# spray on sound deadner



## FullFledgedPimpin (Jun 26, 2002)

is that spray on sound deadner shit anygood? i wana use it in my trunk instead of having pieces of a sound deadner that says dynamat everywhere. wut else can i use in my trunk that will do tha job


----------



## Brahma Brian (Nov 17, 2004)

> _Originally posted by FullFledgedPimpin_@Oct 13 2005, 05:54 AM~3992151
> *is that spray on sound deadner shit anygood? i wana use it in my trunk instead of having pieces of a sound deadner that says dynamat everywhere. wut else can i use in my trunk that will do tha job
> *


You don't have any carpet or trim in your trunk?

It works pretty well, as long as you aren't confusing rubberized undercoating with sound deadener...


----------



## snoopdan (Aug 24, 2005)

> _Originally posted by Brahma Brian_@Oct 13 2005, 05:29 AM~3992194
> *You don't have any carpet or trim in your trunk?
> 
> It works pretty well, as long as you aren't confusing rubberized undercoating with sound deadener...
> *



he may not, many vehicles back in the day didnt have any insulation even when they did have plastic for trunk panels. Even my corvette, which you'd think because of the bose stereo being stock would have insulation in the doors, ...didnt. I just recently added sound deadener to them.


But one question though, you know you can buy other materials just as good, if not better than Dynamat that you can use for sound deading. Some people claim good success with peal-n-seal, and it has no printing on it. Allthough, some also claim a odor from the material and it has problems with heat/melting.
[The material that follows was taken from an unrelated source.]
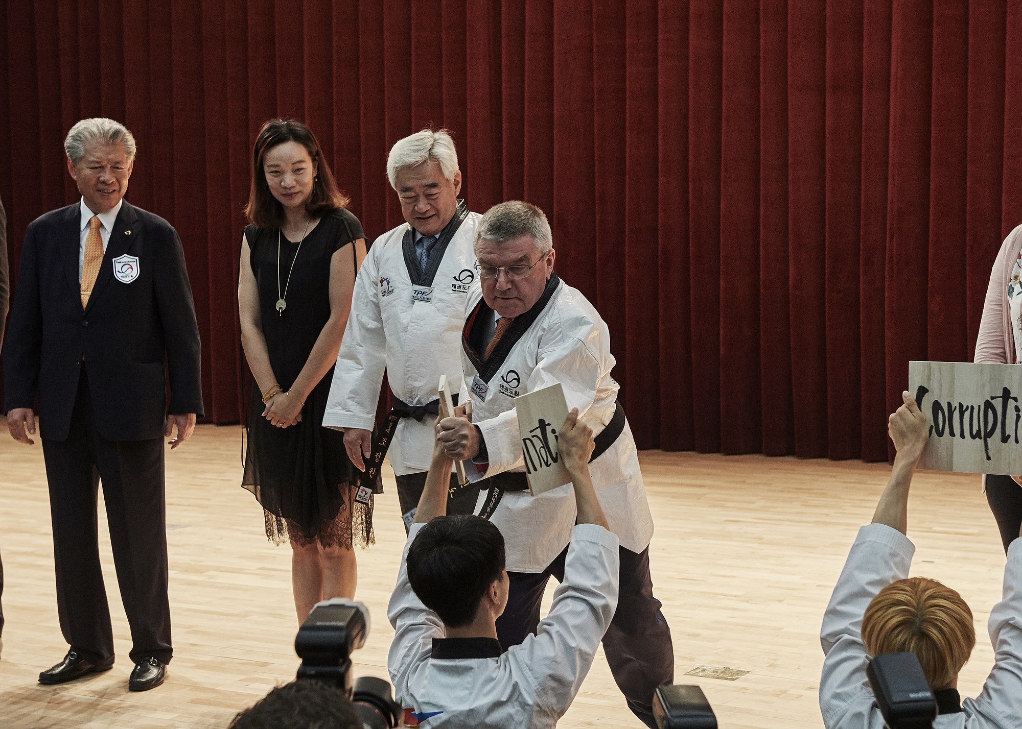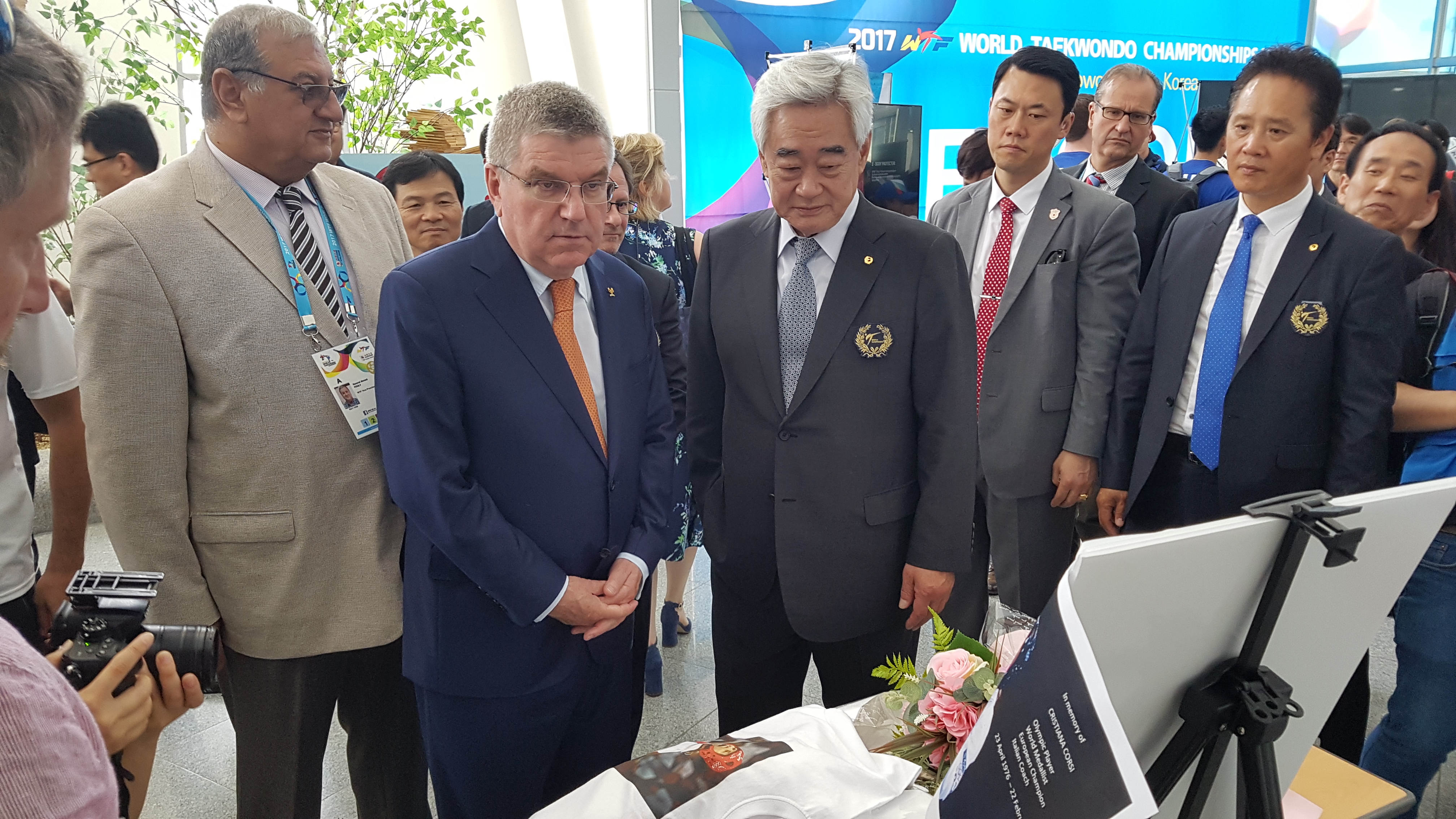 Following a short visit to the Taekwondowon Museum, Bach paid his respects to a memorial for athletes who have passed away recently, set up at the entrance to the championship venue. “That is a very good gesture to honor these young athletes,” Bach, who was visibly moved, said. “It is good to keep their memory alive.”

eDead SE has no writing on it, here is a roll I bought 


















As you can see, no writing on it. Allthough, I experienced some problems with using eDead on ceillings and trunk lids without additional adhesive.
eDead is made by Elemental Designs and can be purchased online only at ELEMENTAL DESIGNS SITE

If you clicked on that link, you'll also notice they sell a spray on version for $50 a gallon, allthough I have no experience with it.


----------



## CuttieBuddie (Mar 11, 2003)

i had and still do have good luck with peel and seal... i dont know how it is for roofs, being that i havent used it for a trunk lid or headliner, but for my doors, its doing the damn job, no odor, still stuck, no problems, about $12.57 for a roll...

-qs


----------



## big_dog401 (May 4, 2003)

can you paint over this


----------



## Pitbullx (Jul 27, 2005)

dynamat extreme....


----------



## 1ofaknd (May 31, 2003)

for spray on...sekond skin makes some killer stuff. 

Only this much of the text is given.